INSTRUCTIONS TO FOLLOW >>
Using the records below, copy exactly the part that opens with the line holding "爆:鼠。 综合:猴马虎龙兔猪牛 |" and closes with the line holding "Unterzeichnet haben die", minus the pictures.

■ ■ ■ ■ ■

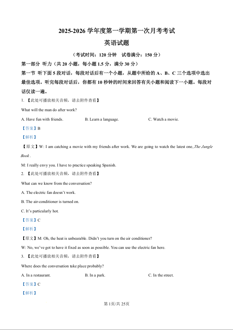 黑龙江省牡丹江市第二高级中学2025-2026学年高一上学期9月月考 英语答案.docx
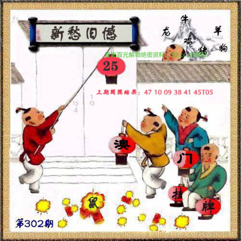 | 302期挂牌《新愁旧憾》 解释:因现状引发的烦恼与过往遗留的悔恨交织的复杂心境。 解:交织的复杂心境。解虎龙兔猴马猪,挂:25 爆:鼠。 综合:猴马虎龙兔猪牛 |
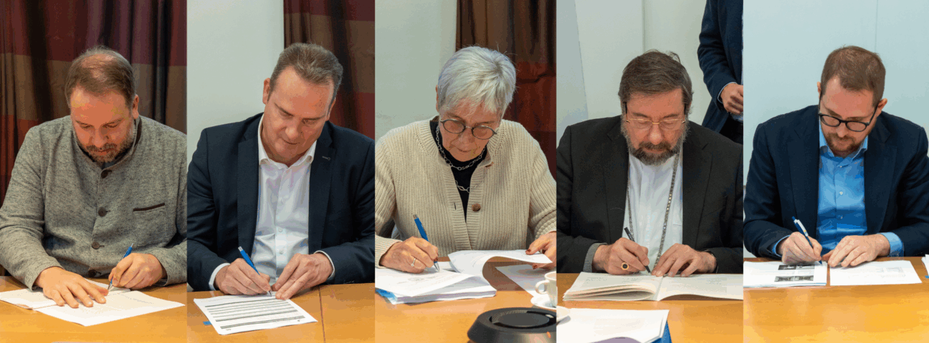 Unterzeichnet haben die Deutschsprachige Gemeinschaft (Ministerpräsident Oliver Paasch und Minister Jérôme Franssen), die VoG Evêché de Liège (Mgr. Jean-Pierre Delville), die VoG Bischöfliche Schulen in der Deutschsprachigen Gemeinschaft (BSDG) (Brigitte Piel) sowie die Stadt Eupen (Thomas Lennertz).
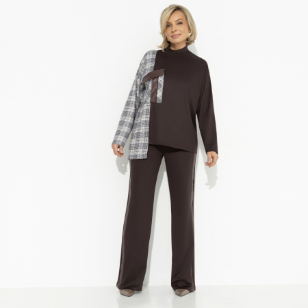 Брючный костюм с накладным карманом «Современная утонченность (new, 2 в 1)» — это воплощение идеального сочетания стиля и комфорта, что делает его незаменимым элементом гардероба каждой модницы. Благодаря использованию трикотажа «милано», трикотажа «жаккард» и «экокожи», этот костюм обеспечивает не только эстетическое удовольствие, но и комфорт в носке. Ассиметричный крой джемпера, свободная посадка брюк и эластичный пояс гарантируют удобство и свободу движений. Это делает брючный женский костюм идеальным выбором как для повседневных прогулок, так и для вечерних выходов. Покупая этот костюм оптом, вы получаете возможность не только обновить гардероб, но и разнообразить свой стиль без лишних затрат.
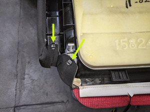 Release the J-hooks (x2) that attach the 3rd row cushion cover to the cup
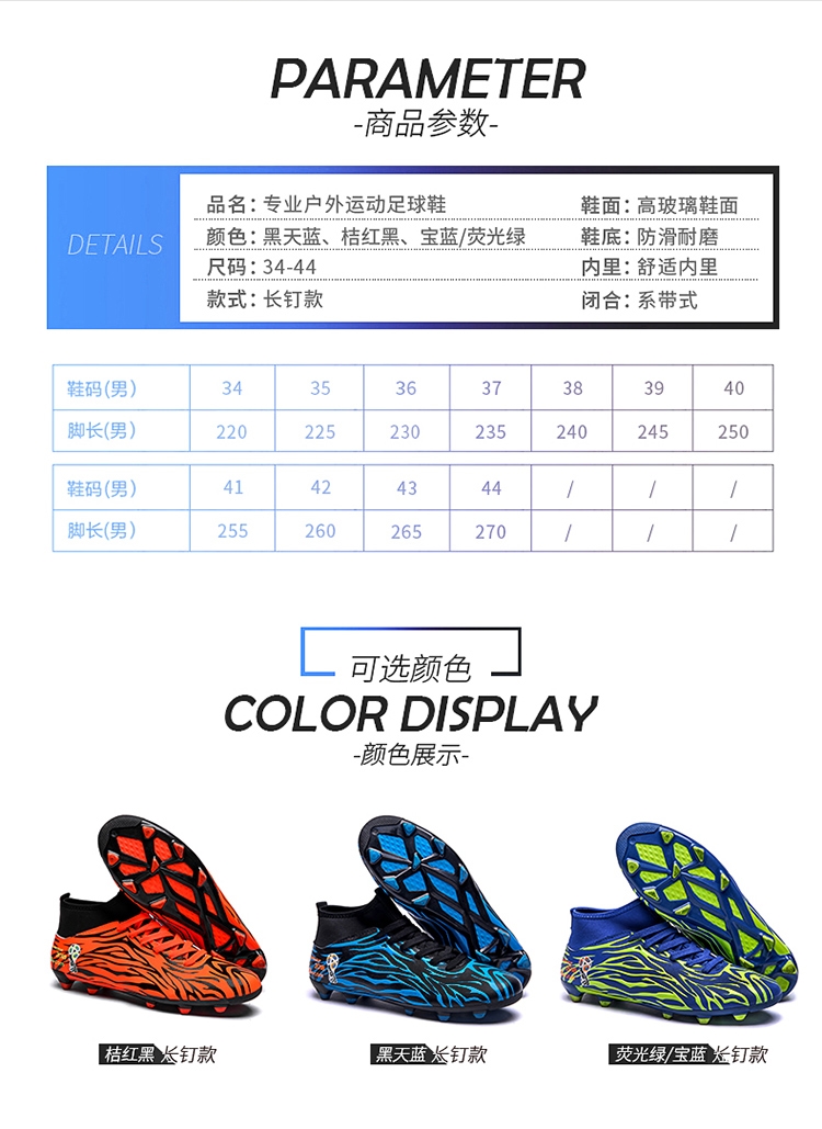 | 商品名称:协美19889#足球鞋长钉 34-44码数 P38 元 |

■ ■ ■ ■ ■

WORKED SOLUTION >>
 | 302期挂牌《新愁旧憾》 解释:因现状引发的烦恼与过往遗留的悔恨交织的复杂心境。 解:交织的复杂心境。解虎龙兔猴马猪,挂:25 爆:鼠。 综合:猴马虎龙兔猪牛 |
 Unterzeichnet haben die Deutschsprachige Gemeinschaft (Ministerpräsident Oliver Paasch und Minister Jérôme Franssen), die VoG Evêché de Liège (Mgr. Jean-Pierre Delville), die VoG Bischöfliche Schulen in der Deutschsprachigen Gemeinschaft (BSDG) (Brigitte Piel) sowie die Stadt Eupen (Thomas Lennertz).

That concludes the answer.